I hug myself harder as anxiety creeps up my neck, the panic that Ian is just around the corner in his room, that he’ll come down the hall and start yelling at me for being gone, for bringing people into his house, so real I can taste it.
“Is there anything down here you need?” Orion looks at me, I can feel him looking at me, but I don’t see him.
No, I see nothing but Ian tearing down the hall screaming in that creole accent, whipping around the banister and taking the stairs two at a time in order to get to me quicker, to punish me for whatever wrongs I’ve committed in his eyes.
Disgusting, parasite!
“Z?”
Weak and spineless little blood sucker!
“Zephyr?”
Worthless, leech! You are a burden, an orphaned and unwanted thing incapable of being loved or wanted by anyone! I should kill you this time,cheri, put us both out of our misery!
The images disappear as quickly as they came when a big palm lands on the small of my back. It isn’t until Wraith touches me that I realize I was holding my breath, sucking in more and more air without actually breathing. It isn’t until his palm is flat against me that I realize my fingers were biting into my sides so hard I might have drawn blood if I’d have kept squeezing any longer.
Wraith appears to my left, his big body hunched and wedged between me and the boxes. “Perhaps we should head directly up to where her personal effects reside?” He isn’t speaking to me or looking at me but his hand is still on my back. “We can pack what we know she will need, then Zephyr can decide if there is anything else in this rundown shack she’d like to salvage.”
I flinch.
His words were quiet but I didn’t miss the tone he used. One so full of disgust and hate that I can’t help but take it personally. Which is crazy because I feel the same way about this house, about how empty and horrible it became once my parents died, but this is where I lived my entire life.
Once upon a time I played on this staircase and fantasized about being a princess in a tower waiting for my prince to rescue me. I sat in the living room with my father while he told me stories about living in Egypt and dreamt of going to his homeland that he still loved so much. I sat at the table in the kitchen with my mother while she cut up vegetables and prepared food for the humans that were kind enough to keep us safe, or while she shared what it was like to visit the royal court back before the war.

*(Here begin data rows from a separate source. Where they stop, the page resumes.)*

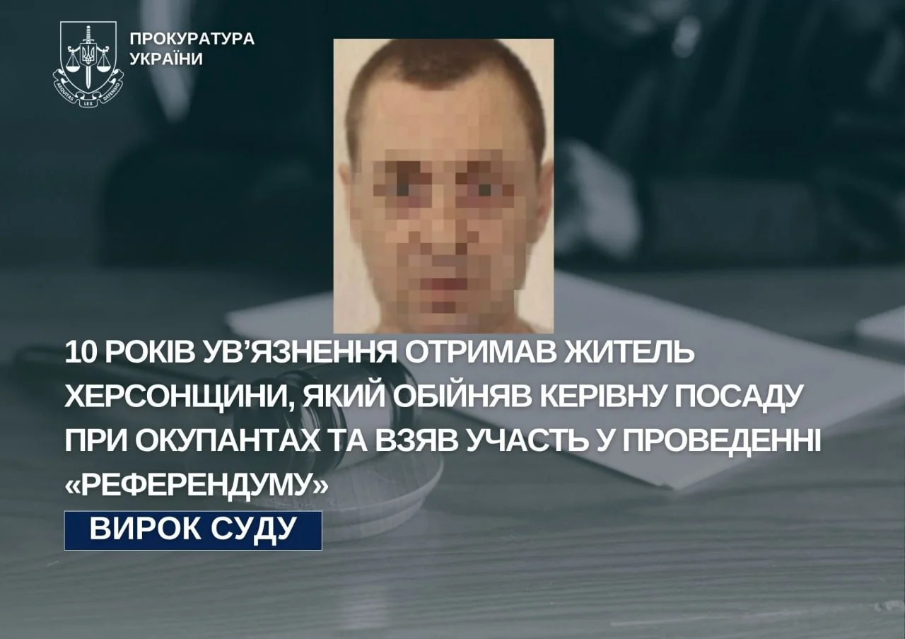 The court convicted a 49-year-old resident of the Kherson region who took a leadership position in the occupation administration and organized the holding of an illegal “referendum” on the region’s accession to Russia. The man was sentenced to 10 years in prison with confiscation of property. In addition, he was deprived of the right to hold positions in the civil service and in local self-government bodies for 14 years, as well as to take part in electoral processes.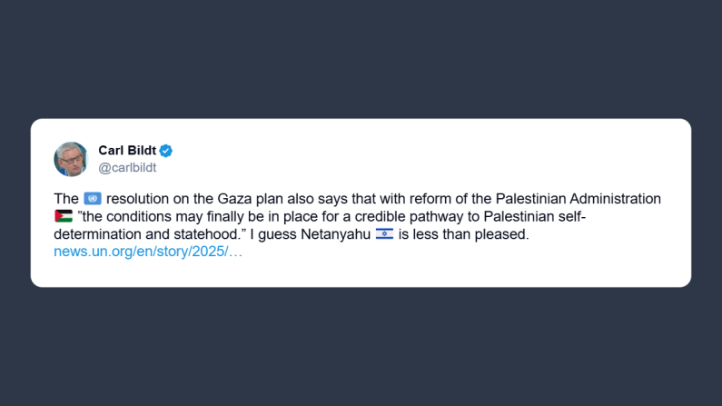 «La risoluzione dell’Onu sul piano per Gaza afferma anche che, con la riforma dell’Amministrazione palestinese, «finalmente potrebbero esserci le condizioni per un percorso credibile verso l’autodeterminazione e la statualità palestinese». Immagino che Benjamin Netanyahu non sia particolarmente entusiasta».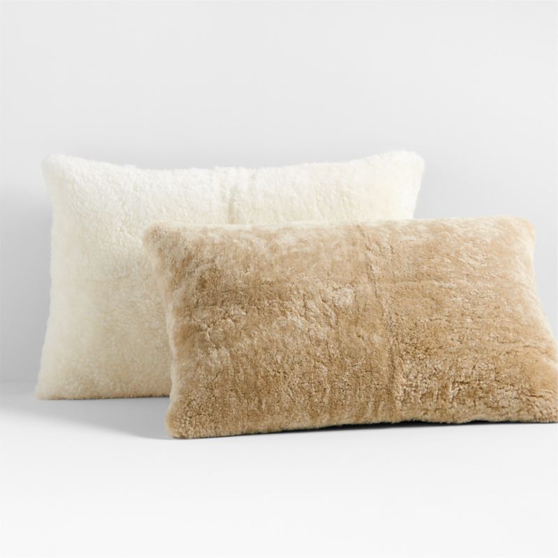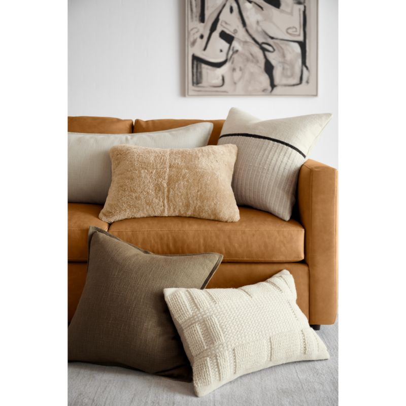 Totally luxe and irresistible to the touch, this camel brown pillow indulges in pure sheepskin. The cuddly shearling in a toasty hue layers softness and extravagance onto your sofa, armchair or bed-we especially love Malmo on a bed made up entirely in warm shades of brown. Backed in linen, our exclusive lumbar throw pillow includes your choice of a plush feather or lofty down-alternative insert.

At one point I had my own bedroom on the second floor, one that was filled with books and toys, one that was every little girl's dream; and as I aged, it evolved into an artist's studio with my paintings proudly on display.
Not all of my memories of living here are bad, just the ones created sixty-five-years ago when my parents died, the ones over the last thirty years even worse.
My memories may be buried under mountains of shit that Ian had collected over time, and while I’m just as disgusted by it as anyone, it doesn’t mean I feel like I’m as tarnished and rundown as the house itself. Just undeserving of anything better because I let myself be here so much longer than I should have, but apparently Wraith sees us as one in the same.